▶ **Exercise requirements**: Retype, exactly and completely, the listing that comes next, skipping its images.

*** Begin section ***

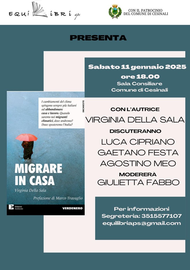 CESINALI – L’associazione Equilibri Aps che da anni cura la rassegna letteraria “Un libro al mese”, una kermesse dedicata alla promozione delle opere letterarie dei più amati, apprezzati e promettenti autori locali, ormai alla quarta edizione, rende noto che presenterà l’opera editoriale “Migrare in casa”, di Virginia Della Sala, giornalista de Il Fatto quotidiano ed originaria proprio di Cesinali.
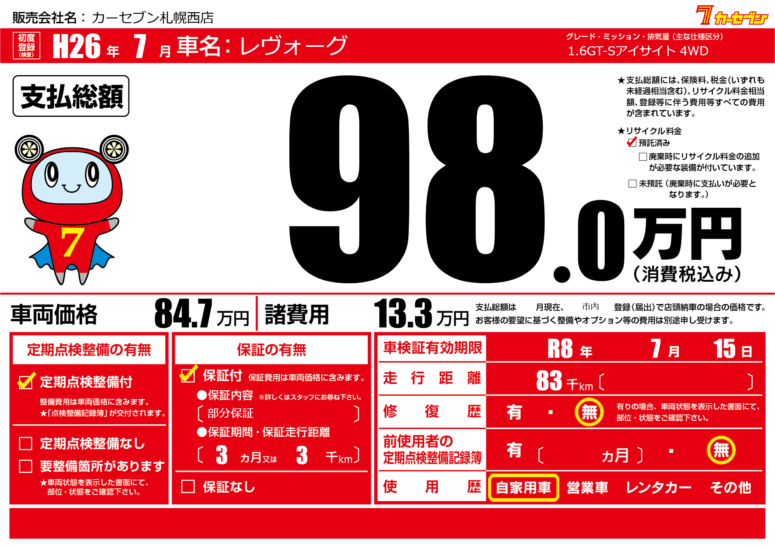 | 走行キロ | 8.3万km | 初年度登録 | H26年7月 |
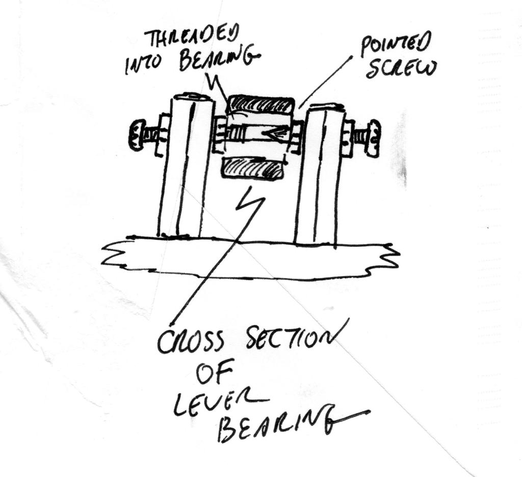 Surprise #1 As simple and straightforward as my trunnion supports seem, this was the point where I experienced the first surprise of this project. Let me explain: When I first conceived of assembling my key, I tested a handful of screws from my junk box to see which would thread successfully into the actuator bearing. A 4-40 screw fit nicely. I naively assumed that the threads at both ends of the bearing would be the same. They were not. In fact, one side was 4-40, the other was a metric thread of some type! You can imagine this created a problem for me. I did not have any metric nuts nor screws of sufficient length. The bore of the bearing was hardened, so it was not practical to drill it out and tap new threads into it. I resolved the problem this way: On the left side of the key, the 4-40 bearing screw threads into the bearing as previously illustrated/described. On the right side of the key, the 4-40 screw was sharpened into an acute point that projects into the metric-threaded hole. Figure 5 illustrates this idea. Between the two trunnion screws, the actuator is held securely, but teeters smoothly on its bearing with no signs of slop or side-to-side play. Figure 5: Dealing with mis-matched mounting holes
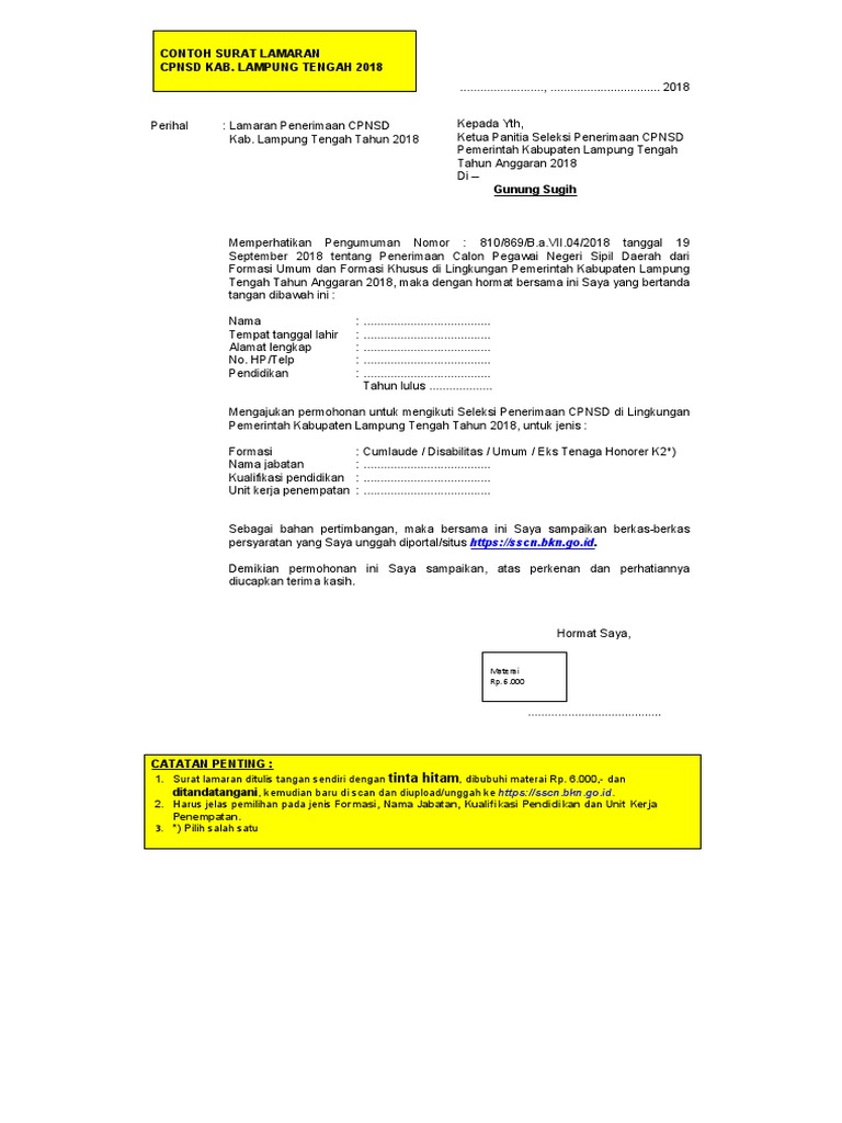 | Lihat Contoh Surat Lamaran Cpns Lampung Barat Pdf |
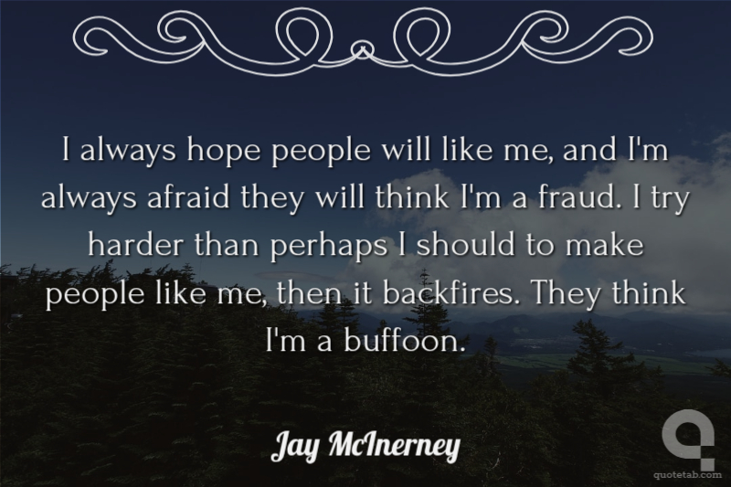 I always hope people will like me, and I'm always afraid they will think I'm a fraud. I try harder than perhaps I should to make people like me, then it backfires. They think I'm a buffoon.
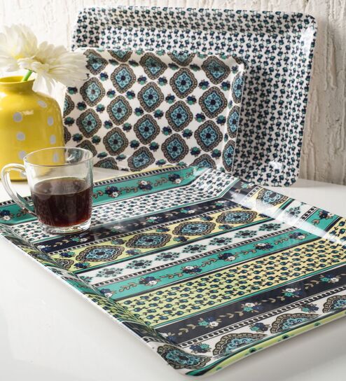 Multicolour Vibrant Melamine (Set of 3) Serving Tray Set
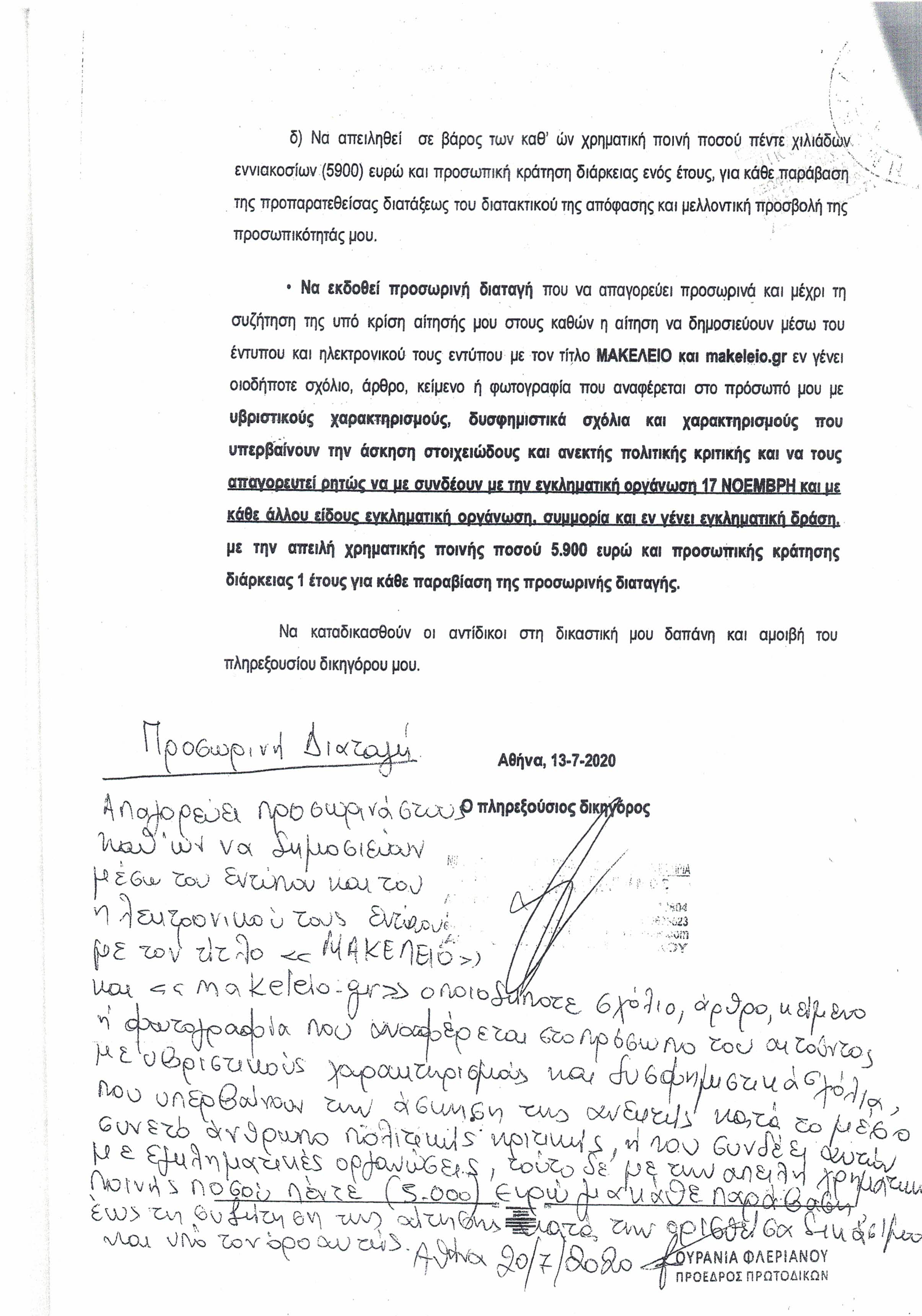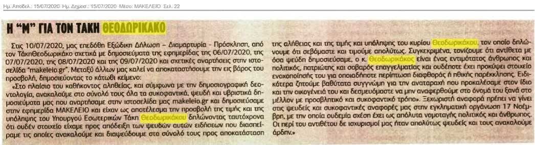 Στην πλήρη δικαίωση του υπουργού Εσωτερικών κ. Θεοδωρικάκου προχώρησε η Πρόεδρος Πρωτοδικών Αθηνών, η κ. Ουρανία Φλεριάνου, η οποία με προσωρινή διαταγή – «κόλαφο» για την εφημερίδα «Μακελειό» απαγορεύει κάθε υβριστική, απαξιωτική, προσβλητική ή συκοφαντική αναφορά, σε οποιαδήποτε μορφή (σχόλιο, άρθρο, κείμενο, φωτογραφία), εις βάρος του.

*** End section ***

▶ **Expected output**:
 CESINALI – L’associazione Equilibri Aps che da anni cura la rassegna letteraria “Un libro al mese”, una kermesse dedicata alla promozione delle opere letterarie dei più amati, apprezzati e promettenti autori locali, ormai alla quarta edizione, rende noto che presenterà l’opera editoriale “Migrare in casa”, di Virginia Della Sala, giornalista de Il Fatto quotidiano ed originaria proprio di Cesinali.
 | 走行キロ | 8.3万km | 初年度登録 | H26年7月 |
 Surprise #1 As simple and straightforward as my trunnion supports seem, this was the point where I experienced the first surprise of this project. Let me explain: When I first conceived of assembling my key, I tested a handful of screws from my junk box to see which would thread successfully into the actuator bearing. A 4-40 screw fit nicely. I naively assumed that the threads at both ends of the bearing would be the same. They were not. In fact, one side was 4-40, the other was a metric thread of some type! You can imagine this created a problem for me. I did not have any metric nuts nor screws of sufficient length. The bore of the bearing was hardened, so it was not practical to drill it out and tap new threads into it. I resolved the problem this way: On the left side of the key, the 4-40 bearing screw threads into the bearing as previously illustrated/described. On the right side of the key, the 4-40 screw was sharpened into an acute point that projects into the metric-threaded hole. Figure 5 illustrates this idea. Between the two trunnion screws, the actuator is held securely, but teeters smoothly on its bearing with no signs of slop or side-to-side play. Figure 5: Dealing with mis-matched mounting holes
 | Lihat Contoh Surat Lamaran Cpns Lampung Barat Pdf |
 I always hope people will like me, and I'm always afraid they will think I'm a fraud. I try harder than perhaps I should to make people like me, then it backfires. They think I'm a buffoon.
 Multicolour Vibrant Melamine (Set of 3) Serving Tray Set
 Στην πλήρη δικαίωση του υπουργού Εσωτερικών κ. Θεοδωρικάκου προχώρησε η Πρόεδρος Πρωτοδικών Αθηνών, η κ. Ουρανία Φλεριάνου, η οποία με προσωρινή διαταγή – «κόλαφο» για την εφημερίδα «Μακελειό» απαγορεύει κάθε υβριστική, απαξιωτική, προσβλητική ή συκοφαντική αναφορά, σε οποιαδήποτε μορφή (σχόλιο, άρθρο, κείμενο, φωτογραφία), εις βάρος του.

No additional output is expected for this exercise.